Research on IMF is extensive in farm animals, such as bovine (Harper and Pethick, 2004; Takenouchi et al., 2004; Taniguchi et al., 2008; Du et al., 2010b; Romao et al., 2011; Cardoso et al., 2012; Huang et al., 2012; Hudson et al., 2015; Guan et al., 2017; Ma et al., 2018), porcine (Hausman and Poulos, 2004; Zhang et al., 2014; Chen et al., 2018; Won et al., 2018), sheep (Dodson et al., 1997; Tong et al., 2008; Zhou et al., 2017; Pan et al., 2018) and chicken (Qiu et al., 2017; Wang et al., 2017a; Cui et al., 2018; Fu et al., 2018), and have brought to the development of a wealth of isolation, growth, characterization and differentiation protocols.

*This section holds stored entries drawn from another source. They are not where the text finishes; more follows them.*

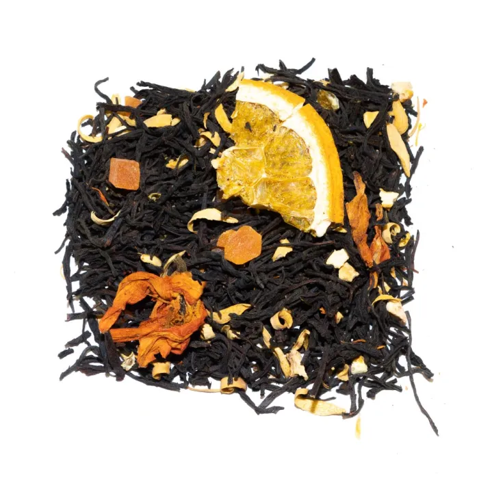 Состав: Чёрный чай, цукаты, цедра апельсина, дольки апельсина, цветки апельсинового дерева, цветки лилии, лепестки сафлора, ароматизатор.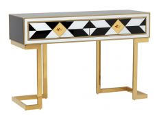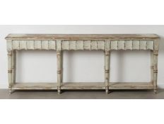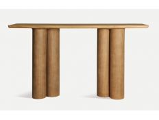 Consola, estrutura realizada em MDF, pés com superfície canelada, acabamento em madeira. Tampo de MDF com superfície em melamina de alta resistência, acabamento pedra mate, com cantos a combinar. Dimensões em cmC 130 P 42 A 78Prazo de Entrega15 a 20 dias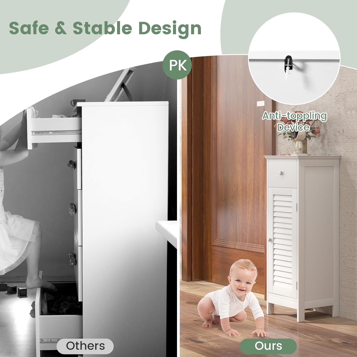Slim Bathroom Storage Cabinet, Wooden Floor Narrow Cabinet with Drawer & Shutter Door, Adjustable Shelf & Anti-toppling Fittings, Small Cabinet for Home Office, (White)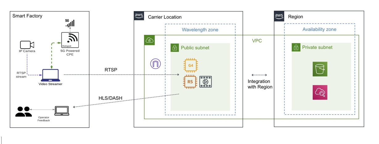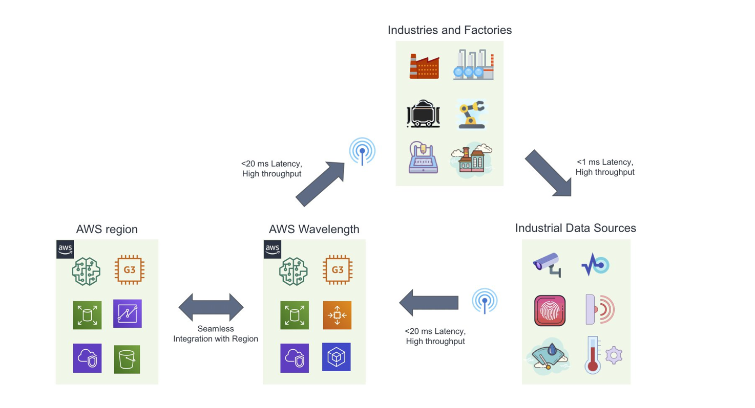 AWS Wavelength zones are AWS infrastructure deployments that embed AWS compute and storage services within the telecommunications providers’ data centers at the edge of the 5G networks. AWS Wavelength zones are also connected to a Region and provide seamless connectivity to access the breadth of AWS services in that Region. AWS Wavelength enables developers to build applications and deliver ultra-low latencies to any devices and end-users connected to the Mobile Carrier Service Provider network.. This enables smart factory applications that require ultra-low latencies including machine learning inference at the edge to run on AWS Wavelength.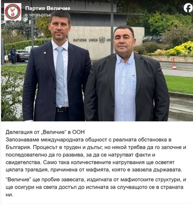 Това написа във фейсбук бившият евродепутат от ГЕРБ Асим Адемов. Коментарът му идва по повод публикация в профила на Величие, че партията е в Организацията на обединените нации (ООН).

Biomaterials and Scaffolding
Biopolymers, growth factors, enzymes, and numerous analytical molecules, are extensively used for cell culture and tissue engineering. For clean meat production, these molecules should be derived from inexpensive, animal-free sources. Transgenic plants can be used for cost-effective (Xu et al., 2016), mass production of biomaterials such as collagen (Shoseyov et al., 2013; Shoseyov and Stein, 2017), elastin (Conley et al., 2009), trypsin (Woodard et al., 2003), growth factors and antibodies (Sack et al., 2015; Snell et al., 2015; Xu et al., 2016). Werkmeister and Ramshaw (2012) surveyed recombinant proteins used as tissue engineering scaffolds, including their source, cost and scalability. Wang et al. (2017b) discuss a range of platforms for recombinant collagen production and their challenges, including collagen I and III. The paper claims that current platforms are costly, and generate collagen without the correct post-translational modifications, limiting their biological functionality. However, the human collagen I produced in plants by the Shoseyov lab, proved sufficiently similar to native collagen by the author, and was flagged as an inexpensive, scalable production system. In addition, the paper argues that in-vitro cell-free synthesis might be an inexpensive, highly controlled platform for protein synthesis.
In order to promote tissue development, the plurality of cell types need to be co-cultured inside a 3D scaffold that mimics their natural environment. The scaffold can be composed of either a hydrogel, a macroporous, sponge-like biomaterial or their combination. While the macroporous biomaterial can provide the macrostructure and mechanical support, the hydrogel can provide cells an elastic 3D microenvironment. To some extent, scaffolds should recapitulate the different layers of the skeletal muscle connective tissue. The macroporous biomaterial should recapitulate the mechanical properties of the perimysium, the hardened connective tissue that surrounds the fascicles, while the hydrogel inside the pores should mimic the endomysium.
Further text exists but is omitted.